◆ Work to be completed
Your job is to transcribe all the records that follow, excluding any pictures.

[Data entries]
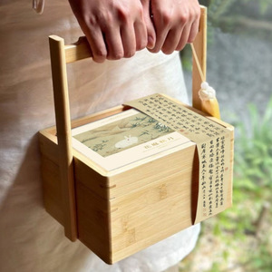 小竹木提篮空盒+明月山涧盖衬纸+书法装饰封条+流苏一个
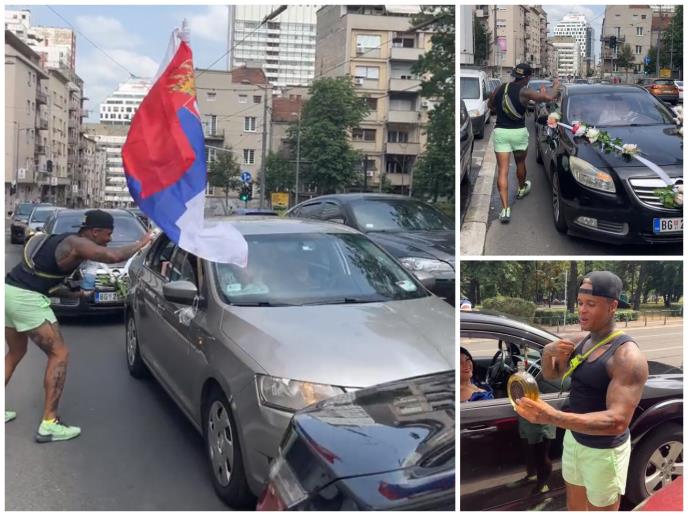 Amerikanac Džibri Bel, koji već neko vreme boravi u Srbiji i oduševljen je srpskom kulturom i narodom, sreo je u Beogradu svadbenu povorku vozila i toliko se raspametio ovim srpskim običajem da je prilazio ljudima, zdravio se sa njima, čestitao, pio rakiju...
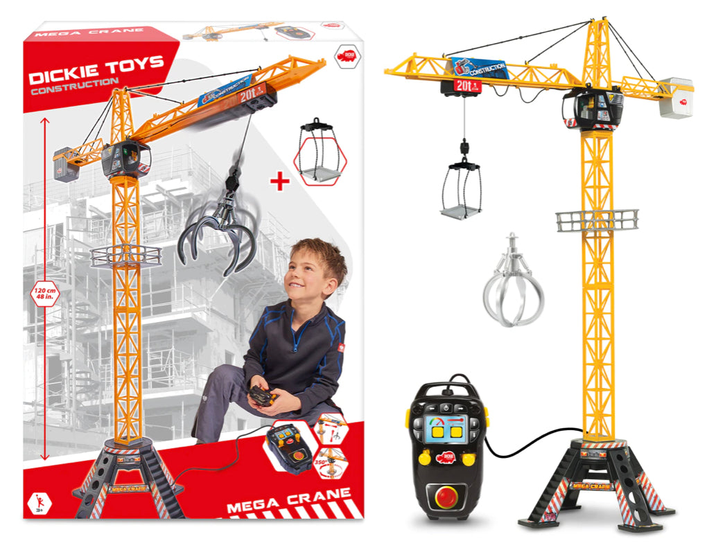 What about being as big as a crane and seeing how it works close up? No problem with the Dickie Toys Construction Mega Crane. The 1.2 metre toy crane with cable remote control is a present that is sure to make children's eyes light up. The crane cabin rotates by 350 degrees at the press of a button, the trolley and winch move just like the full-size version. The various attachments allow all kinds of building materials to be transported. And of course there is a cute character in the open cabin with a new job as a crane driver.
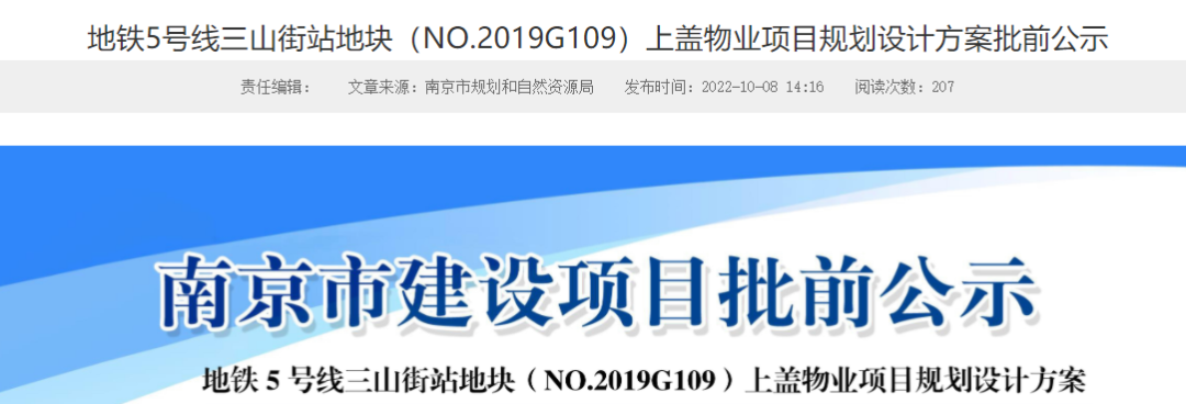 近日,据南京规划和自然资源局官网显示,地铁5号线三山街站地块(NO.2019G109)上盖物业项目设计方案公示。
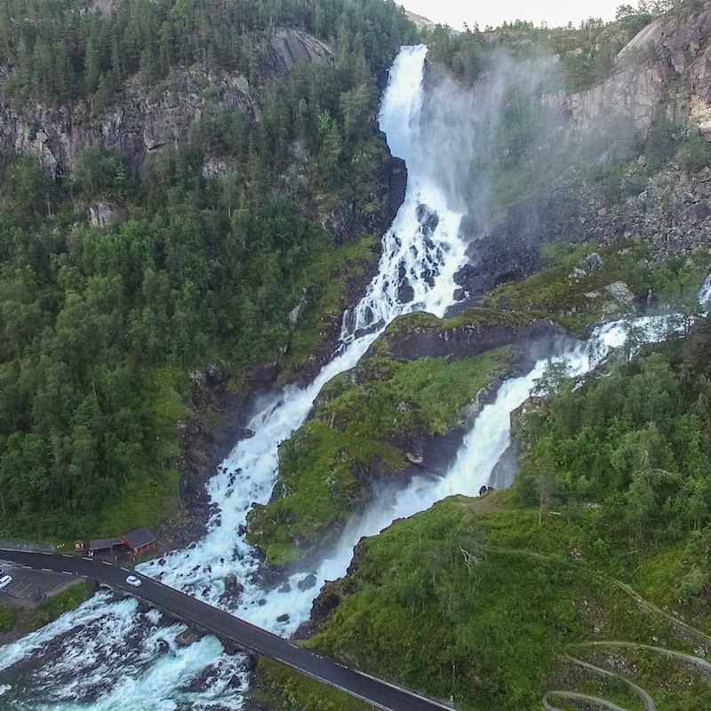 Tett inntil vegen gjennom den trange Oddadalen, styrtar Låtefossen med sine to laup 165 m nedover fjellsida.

◆ Output
 小竹木提篮空盒+明月山涧盖衬纸+书法装饰封条+流苏一个
 Amerikanac Džibri Bel, koji već neko vreme boravi u Srbiji i oduševljen je srpskom kulturom i narodom, sreo je u Beogradu svadbenu povorku vozila i toliko se raspametio ovim srpskim običajem da je prilazio ljudima, zdravio se sa njima, čestitao, pio rakiju...
 What about being as big as a crane and seeing how it works close up? No problem with the Dickie Toys Construction Mega Crane. The 1.2 metre toy crane with cable remote control is a present that is sure to make children's eyes light up. The crane cabin rotates by 350 degrees at the press of a button, the trolley and winch move just like the full-size version. The various attachments allow all kinds of building materials to be transported. And of course there is a cute character in the open cabin with a new job as a crane driver.
 近日,据南京规划和自然资源局官网显示,地铁5号线三山街站地块(NO.2019G109)上盖物业项目设计方案公示。
 Tett inntil vegen gjennom den trange Oddadalen, styrtar Låtefossen med sine to laup 165 m nedover fjellsida.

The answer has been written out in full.